WHAT TO DO →
Below is a listing; print exactly its lines from the one containing "On cooler days" down to the one containing "2月16日,江西省公安廳高速", both inclusive, with every picture left out.

RECORDS TO PROCESS →
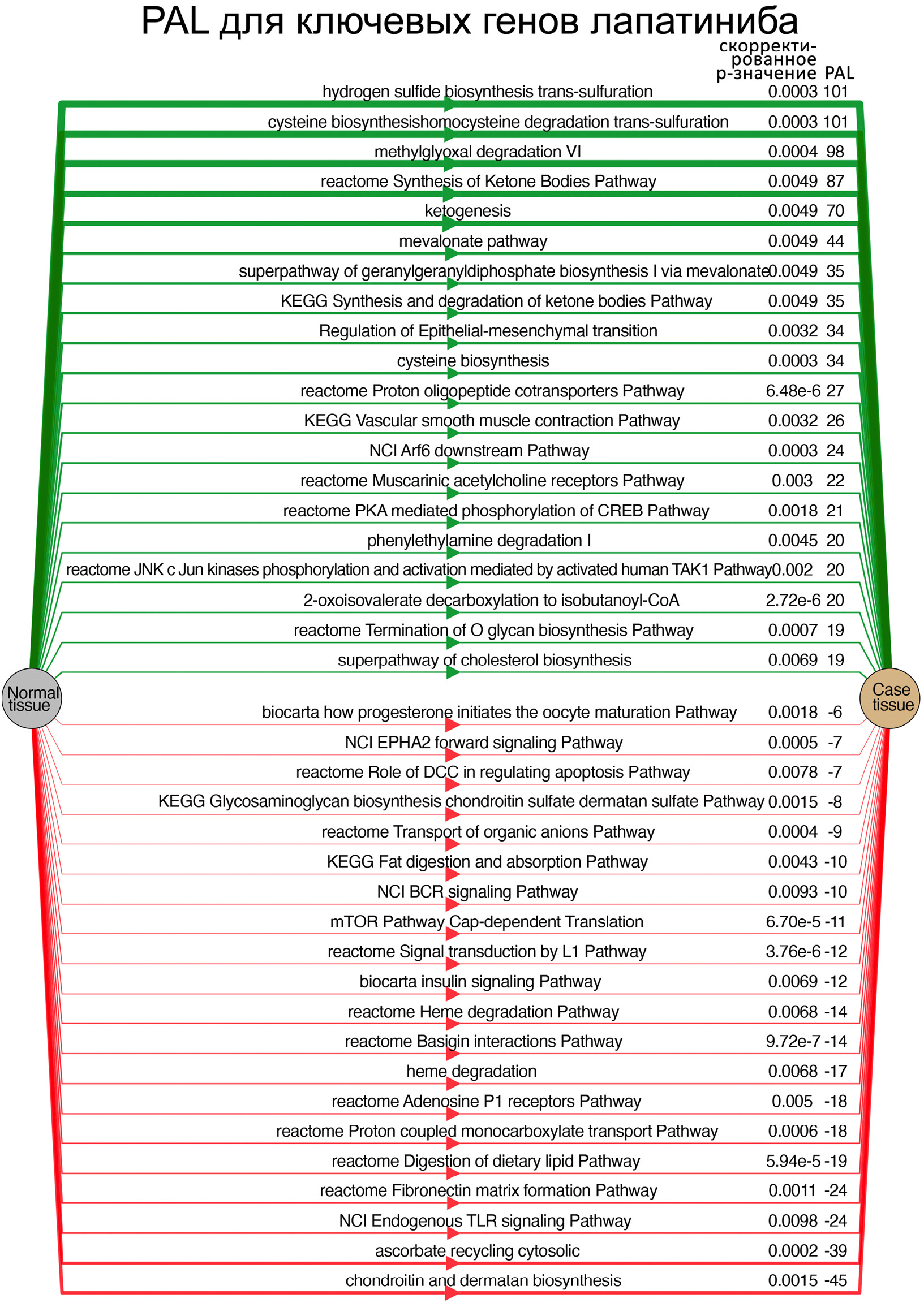 Рис. 10. 20 наиболее сильно активированных и ингибированных молекулярных путей, рассчитанных для набора ключевых генов лапатиниба (lapatinib core) в клетках SK-BR-3. Показаны значение PAL и скорректированное p-значение
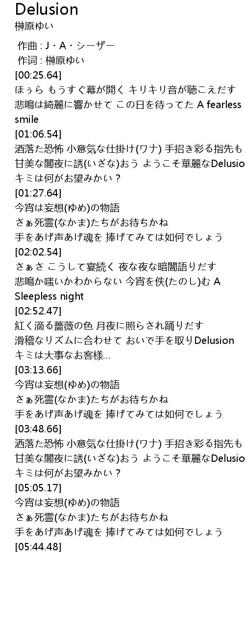 | [04:54.83] | 甘美な闇夜に誘(いざな)おう ようこそ華麗なDelusion |
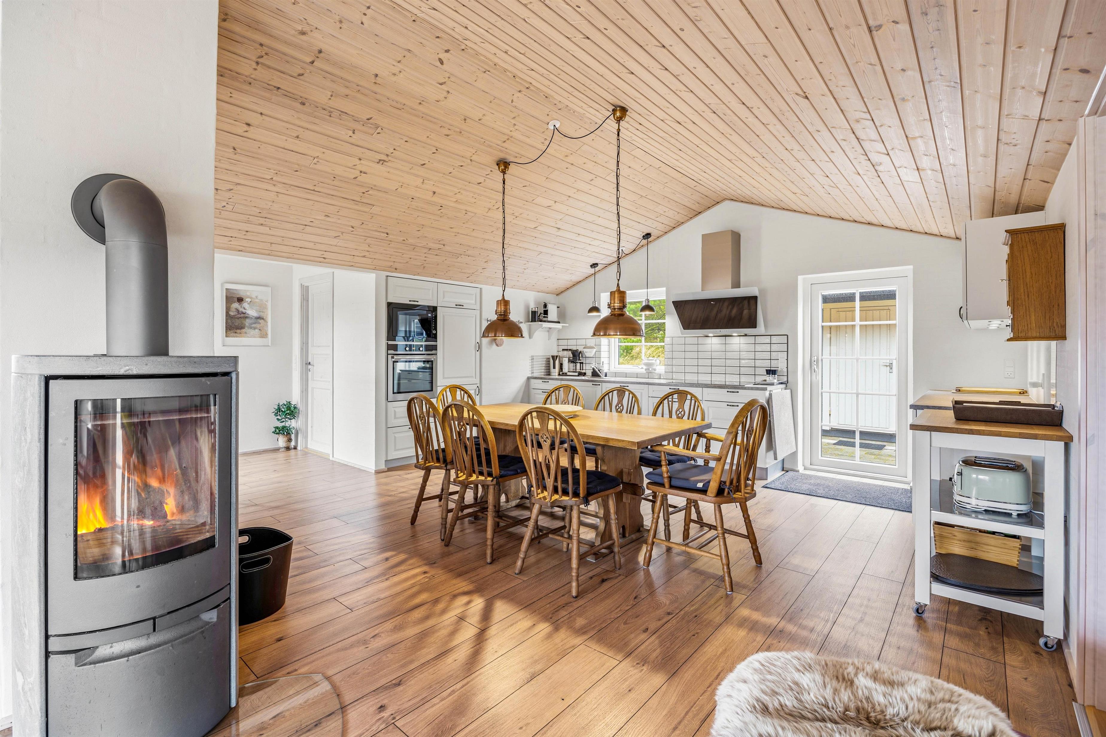 On cooler days you can light the wood-burning stove and enjoy the cosy atmosphere. There is underfloor heating in the entire house, ensuring a comfortable indoor climate throughout the year.
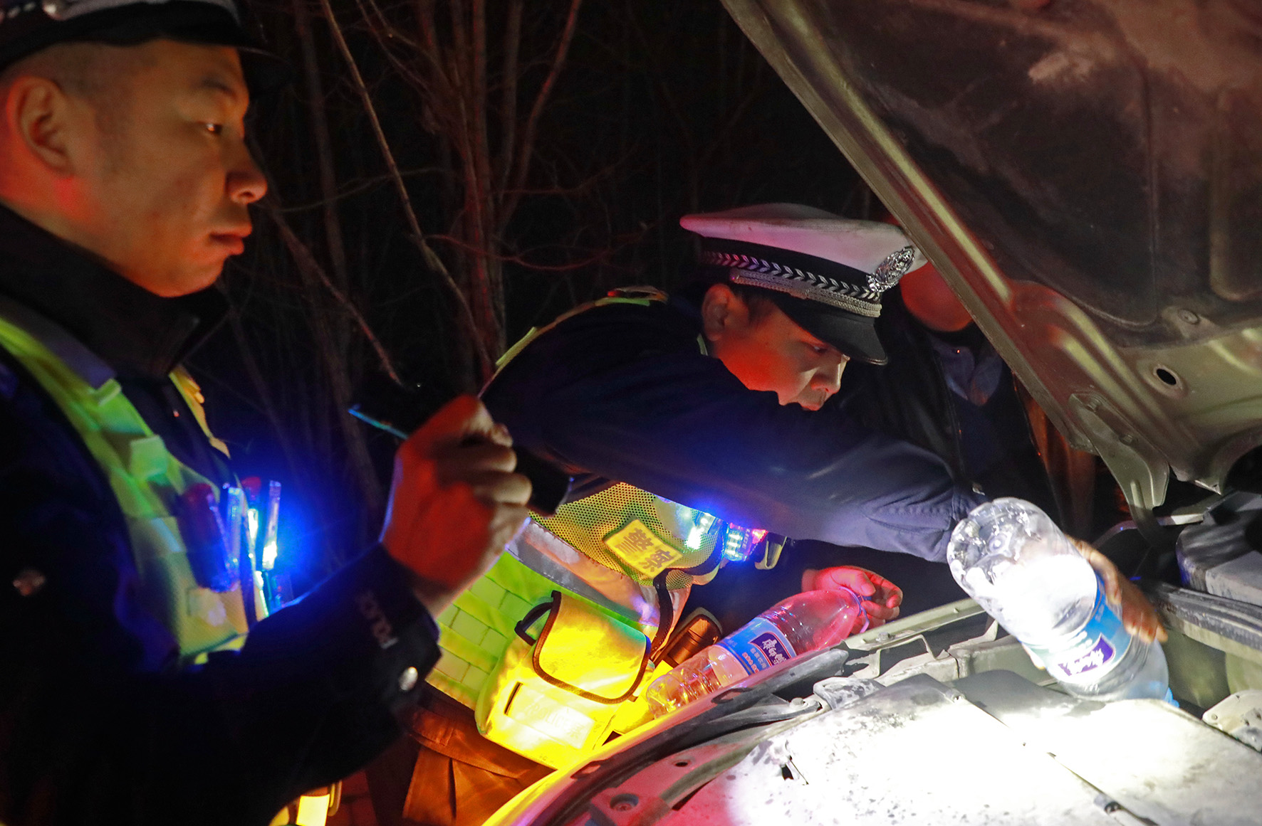 2月16日,江西省公安廳高速公路公安局直屬二分局第五大隊民輔警幫助群眾排除車輛故障。
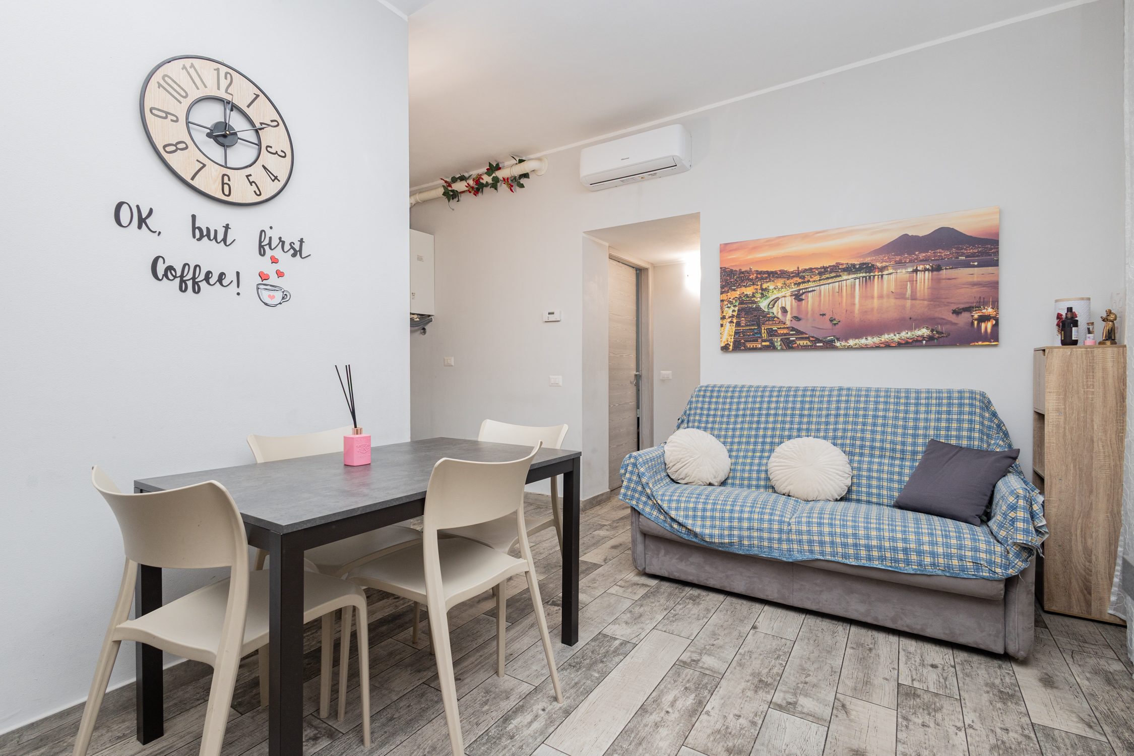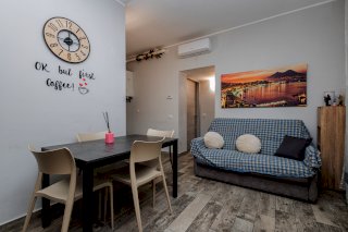 Alla zona giorno accediamo dall'ingresso sul soggiorno con cucina a vista, ottimamente organizzato.

RESULT OF THE EXERCISE →
 On cooler days you can light the wood-burning stove and enjoy the cosy atmosphere. There is underfloor heating in the entire house, ensuring a comfortable indoor climate throughout the year.
 2月16日,江西省公安廳高速公路公安局直屬二分局第五大隊民輔警幫助群眾排除車輛故障。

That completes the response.